┏━━

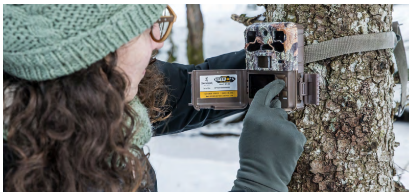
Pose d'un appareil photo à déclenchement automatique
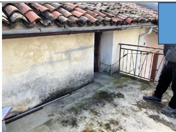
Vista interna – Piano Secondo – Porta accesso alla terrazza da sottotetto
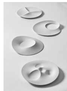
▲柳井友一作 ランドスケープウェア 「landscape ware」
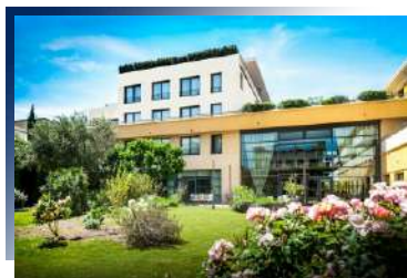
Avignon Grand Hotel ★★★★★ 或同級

┗━━
┏━━

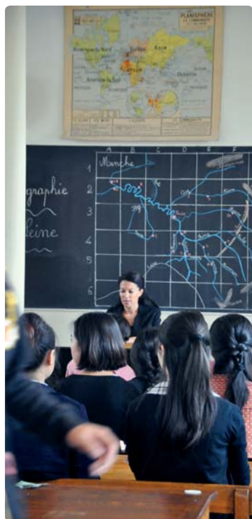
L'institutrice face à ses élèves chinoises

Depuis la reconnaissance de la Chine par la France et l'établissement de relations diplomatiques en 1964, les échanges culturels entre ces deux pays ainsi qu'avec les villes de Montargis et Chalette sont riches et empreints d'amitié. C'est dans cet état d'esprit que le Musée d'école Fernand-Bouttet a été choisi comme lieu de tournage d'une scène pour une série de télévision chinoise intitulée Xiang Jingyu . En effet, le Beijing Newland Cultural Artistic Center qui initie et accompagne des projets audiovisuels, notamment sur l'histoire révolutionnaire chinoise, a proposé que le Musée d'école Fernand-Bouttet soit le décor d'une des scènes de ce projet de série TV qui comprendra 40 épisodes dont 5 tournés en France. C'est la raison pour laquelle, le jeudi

┗━━

PROBLEM STATEMENT: Taking the material above, give again exactly the lines from the one holding "Pose d'un appareil" through the one holding "Avignon Grand Hotel ★★★★★ 或同級", with both ends and without pictures.

EXPECTED OUTPUT:
Pose d'un appareil photo à déclenchement automatique
Vista interna – Piano Secondo – Porta accesso alla terrazza da sottotetto
▲柳井友一作 ランドスケープウェア 「landscape ware」
Avignon Grand Hotel ★★★★★ 或同級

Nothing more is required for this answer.